I had the idea this morning that I should become celibate. Like, 4real. Like, intentionally. You know, it’s one thing when you’re going through a dry spell and not getting it on a regular, but it’s quite another when you make the conscious decision to commit to your own self-deprivation in hopes of self-actualization and fulfillment. I’ve always felt like, for me, sex complicates things. And the connection that I want with someone should be waaaay past physical.
I’ve always struggled with that one area in my life, anyway.
Releasing apologies in moments of ecstasy
You asked me why
Screaming, “Oh my God”
I was obliged
Because I was cheating on you both
Calling His name while I was making love to you
Giving you the part of me that should’ve been saved for only one person
I think I should make a vow
No, I need to do it now
Commit to myself
When I don’t even know how
And I’m not really sure who I am anymore
This hurts so bad. Like, I can’t even put into words what I feel. It surpasses pain. I feel betrayed. And maybe I shouldn’t but I do.
I searched my bed for clues. For some indication that we existed.

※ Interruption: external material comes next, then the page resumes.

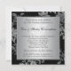 Esta elegante invitación de aniversario de bodas número 25 con estampado floral en negro y plata tiene solapas negras que están IMPRIMIENDO para que parezcan abiertas. Tiene un rollo decorativo negro en la parte delantera, junto con elegantes palabras que dicen "Aniversario de bodas número 25". Se pueden eliminar si se desea agregar texto propio. Se vería especialmente elegante en el papel de hielo metálico. La invitación es totalmente personalizable. Si necesita productos coincidentes, envíe un correo electrónico a niteowlstudio@gmail.com con su solicitud.
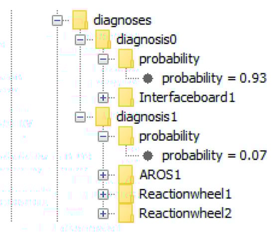The two diagnoses listed in the diagnosis.xml-file. The first diagnosis only contains Interfaceboard1 and has a probability of 0.93 and the second diagnosis consists of AROS1, Reactionwheel1, as well as Reactionwheel2 and it has a probability of 0.07.

But I couldn’t find anything.
I’m starting to think it wasn’t a coincidence
That I never found the key that you thought you lost.
But maybe, I just wasn’t supposed to find the key to open that door.
It would be easier if I could make you be an asshole.
But in my mind, you’re just a guy who loves his mama. And music. And beautiful women.
And I was just a girl who loved Love. And you.